California’s high gas prices have a little-known ingredient: Russian oil
As gasoline prices surge to new heights after the U.S. banned Russian oil, California drivers are in a position to be uniquely squeezed at the fuel pump.
That’s because West Coast oil refineries are Russia’s best U.S. customers.
Russian oil is only a small piece of the U.S. energy picture, accounting for 3% of U.S. oil imports, and most of those imports flow to refineries on the West and East coasts. But nearly half of Russian oil shipped into the U.S. last year, or close to 100,000 barrels a day, ended up primarily in California, Washington and Hawaii, refinery consultant Andrew Lipow said.
And the amount of Russian oil imported into the West Coast has been on the rise, according to the U.S. Energy Information Administration, the Energy Department’s statistical arm.
Those refiners, led by Marathon and Chevron, already are replacing Russian oil with supplies from South America, northwest Europe and the Middle East, Lipow said. The new foreign oil will demand a higher price as the Russian oil ban further inflames energy markets.
“I know that California’s gasoline is so expensive compared to the rest of the nation,” said Lipow, a former oil trader who founded his eponymous Houston energy consultancy in 2004. “Unfortunately, I have bad news: The average there is going to go up by at least another 25 cents a gallon.”
California refiners used about 11.3 million barrels of Russian crude last year, followed closely by Washington at 10.4 million barrels. A large percentage of the gasoline refined in Washington is sold in California.
Q&A: How President Biden’s decision to halt U.S. purchases of Russian oil is likely to affect prices at the pump and beyond?
Californians already have been seeing records fall at the pump daily, although prices aren’t yet at an all-time high when adjusting for inflation.
California drivers paid an average of $5.444 a gallon Tuesday for regular grade, up a dime from the day before and up about 61 cents from a week earlier, according to the American Automobile Assn.'s daily fuel price tracker. The U.S. average hit a record $4.173 a gallon Tuesday, AAA data show, toppling a record that had stood since July 2008. (The 2008 price is about 20% higher than the current average after adjusting for inflation).
The auto club’s numbers update every day based on information collected by the Oil Price Information Service, which calculates the averages using pricing information from about 120,000 U.S. gas stations.
Oil and gasoline costs are increasing so quickly now that many service station owners are updating their prices more than once a day.
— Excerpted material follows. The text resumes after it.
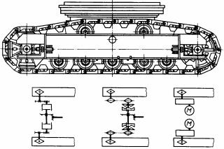 Каждое ходовое устройство состоит из движителя и подвески. Движитель находится в постоянном контакте (сцеплении) с опорной

Analysts are predicting that per-gallon average prices could hit $6 to $7 in California and some parts of the Northeast soon.
California motorists pay more than others because the state requires a unique blend of cleaner-burning fuel made by few refineries outside the Golden State. Higher taxes also contribute to Californians’ pain at the pump.
Plus demand is rising and the state’s gasoline stocks are at a 13-year low, California Energy Commission data show. And refiners are entering maintenance season as the state switches to summer gasoline, which is more costly and difficult to make.
The price of oil is the biggest component — 41%, the EIA says — of the price of gasoline. And soaring oil prices after Russia’s invasion of Ukraine have come directly out of drivers’ pockets.
Gasoline prices are still below their historical peak, adjusted for inflation, but no one can say how high they’ll go.
Although California is the nation’s seventh-largest crude oil producer, it is isolated from the bulk of U.S. oil production and so has become increasingly reliant on imports because of declining production from California and Alaska, Energy Department data show.
In addition, Asian refiners are competing for Alaskan and other sources of crude to replace Russian supplies.
Further complicating the supply outlook: California oil production is down 70% from the 1986 peak, Lipow said, and “the prospects for increased drilling in California are slim due to the regulations governing that activity.”
Oil sucked from the ground in Texas and the Midwest is piped primarily to the Gulf Coast, which accounts for 54% of the nation’s refinery capacity, Lipow said. Getting gasoline from that region to California requires a very expensive tanker trip on a U.S.-flagged ship, often through the Panama Canal.
Despite staggering price increases, there’s no evidence of physical oil or gas shortages yet, Chevron Chief Executive Mike Wirth said at an energy conference Monday, Bloomberg reported.
“We’ve got enough oil in the world, we’ve got enough gas in the world,” but “it’s not necessarily flowing on the routes it did before,” Wirth said before Tuesday’s Russian oil ban was announced. Wirth predicted that Russian oil probably would get to market through alternate routes.